▶ EXTRACTED DATA:
··········
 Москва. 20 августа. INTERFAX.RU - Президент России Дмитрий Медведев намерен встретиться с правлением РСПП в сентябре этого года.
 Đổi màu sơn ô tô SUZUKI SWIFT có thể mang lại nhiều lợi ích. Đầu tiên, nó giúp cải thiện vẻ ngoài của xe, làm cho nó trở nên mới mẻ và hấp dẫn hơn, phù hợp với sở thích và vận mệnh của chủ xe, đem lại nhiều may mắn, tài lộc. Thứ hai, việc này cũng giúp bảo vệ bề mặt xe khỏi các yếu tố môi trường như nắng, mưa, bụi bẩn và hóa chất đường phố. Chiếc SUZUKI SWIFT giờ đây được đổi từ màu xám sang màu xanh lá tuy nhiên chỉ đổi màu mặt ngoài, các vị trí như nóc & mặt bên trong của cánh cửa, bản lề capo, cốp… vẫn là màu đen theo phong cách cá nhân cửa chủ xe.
··········
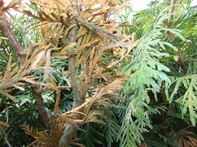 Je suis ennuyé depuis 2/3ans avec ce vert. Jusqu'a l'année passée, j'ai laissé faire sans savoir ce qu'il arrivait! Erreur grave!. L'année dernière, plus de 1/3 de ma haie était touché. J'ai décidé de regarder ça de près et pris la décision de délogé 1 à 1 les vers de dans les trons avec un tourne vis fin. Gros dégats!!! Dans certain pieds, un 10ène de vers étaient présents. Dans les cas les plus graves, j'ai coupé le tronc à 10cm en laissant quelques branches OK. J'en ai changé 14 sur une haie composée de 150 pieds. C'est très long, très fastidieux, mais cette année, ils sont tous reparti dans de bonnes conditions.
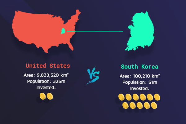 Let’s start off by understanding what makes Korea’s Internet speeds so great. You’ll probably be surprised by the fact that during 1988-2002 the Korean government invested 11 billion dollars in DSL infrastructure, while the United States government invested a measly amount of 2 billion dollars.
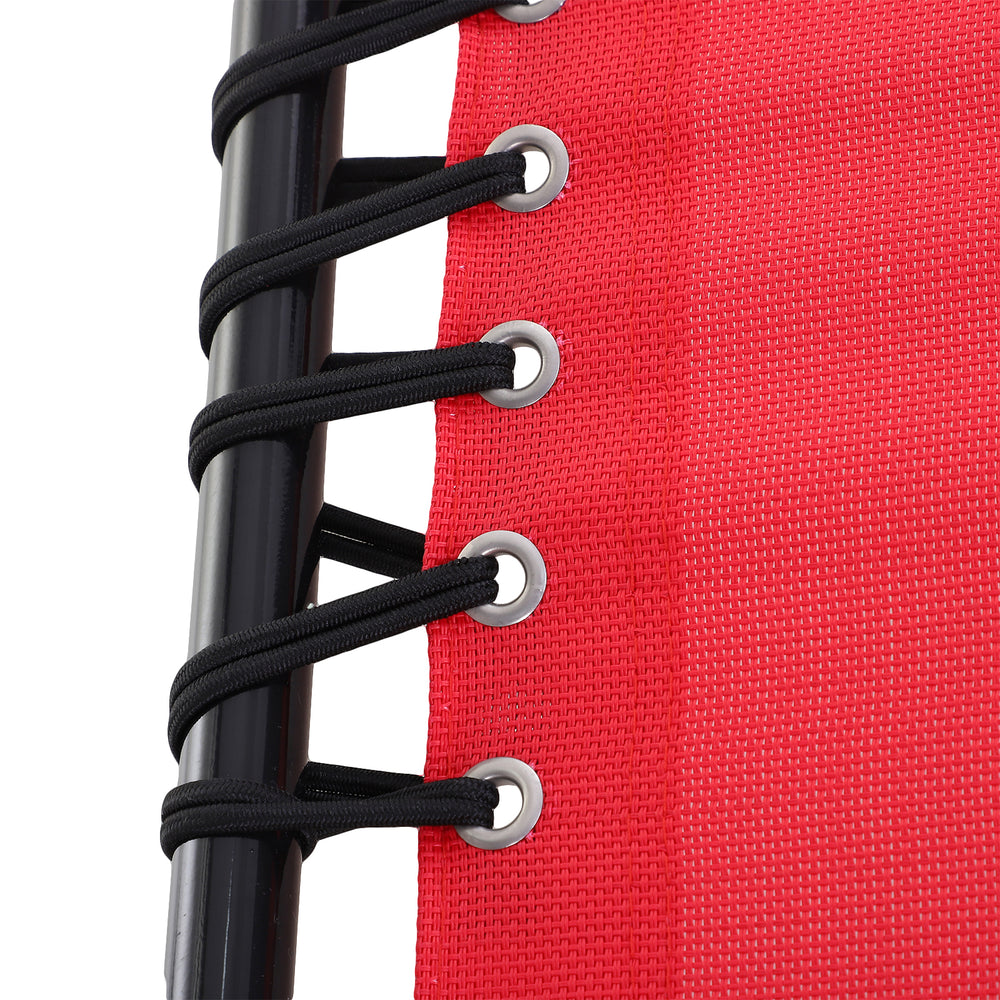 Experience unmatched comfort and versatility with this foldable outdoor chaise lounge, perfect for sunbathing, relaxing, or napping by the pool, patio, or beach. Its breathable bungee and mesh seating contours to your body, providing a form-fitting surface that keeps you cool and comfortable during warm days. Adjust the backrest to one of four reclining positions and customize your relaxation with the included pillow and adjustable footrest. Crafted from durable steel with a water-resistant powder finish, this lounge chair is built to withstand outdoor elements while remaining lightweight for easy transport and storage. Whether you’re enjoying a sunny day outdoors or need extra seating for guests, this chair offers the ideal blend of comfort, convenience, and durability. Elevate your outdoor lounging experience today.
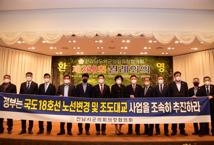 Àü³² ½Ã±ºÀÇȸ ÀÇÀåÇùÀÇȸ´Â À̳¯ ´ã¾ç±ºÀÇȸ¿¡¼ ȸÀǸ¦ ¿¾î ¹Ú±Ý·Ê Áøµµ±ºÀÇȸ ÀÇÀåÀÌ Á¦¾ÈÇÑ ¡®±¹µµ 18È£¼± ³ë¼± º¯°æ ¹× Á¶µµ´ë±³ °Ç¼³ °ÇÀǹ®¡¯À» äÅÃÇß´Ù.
··········
▶ AIM OF THE EXERCISE: Send back exactly the lines of the listing above starting at the one with "Москва. 20 августа." and ending at the one with "Đổi màu sơn", inclusive, and no others.

▶ ANSWER BOX:
 Москва. 20 августа. INTERFAX.RU - Президент России Дмитрий Медведев намерен встретиться с правлением РСПП в сентябре этого года.
 Đổi màu sơn ô tô SUZUKI SWIFT có thể mang lại nhiều lợi ích. Đầu tiên, nó giúp cải thiện vẻ ngoài của xe, làm cho nó trở nên mới mẻ và hấp dẫn hơn, phù hợp với sở thích và vận mệnh của chủ xe, đem lại nhiều may mắn, tài lộc. Thứ hai, việc này cũng giúp bảo vệ bề mặt xe khỏi các yếu tố môi trường như nắng, mưa, bụi bẩn và hóa chất đường phố. Chiếc SUZUKI SWIFT giờ đây được đổi từ màu xám sang màu xanh lá tuy nhiên chỉ đổi màu mặt ngoài, các vị trí như nóc & mặt bên trong của cánh cửa, bản lề capo, cốp… vẫn là màu đen theo phong cách cá nhân cửa chủ xe.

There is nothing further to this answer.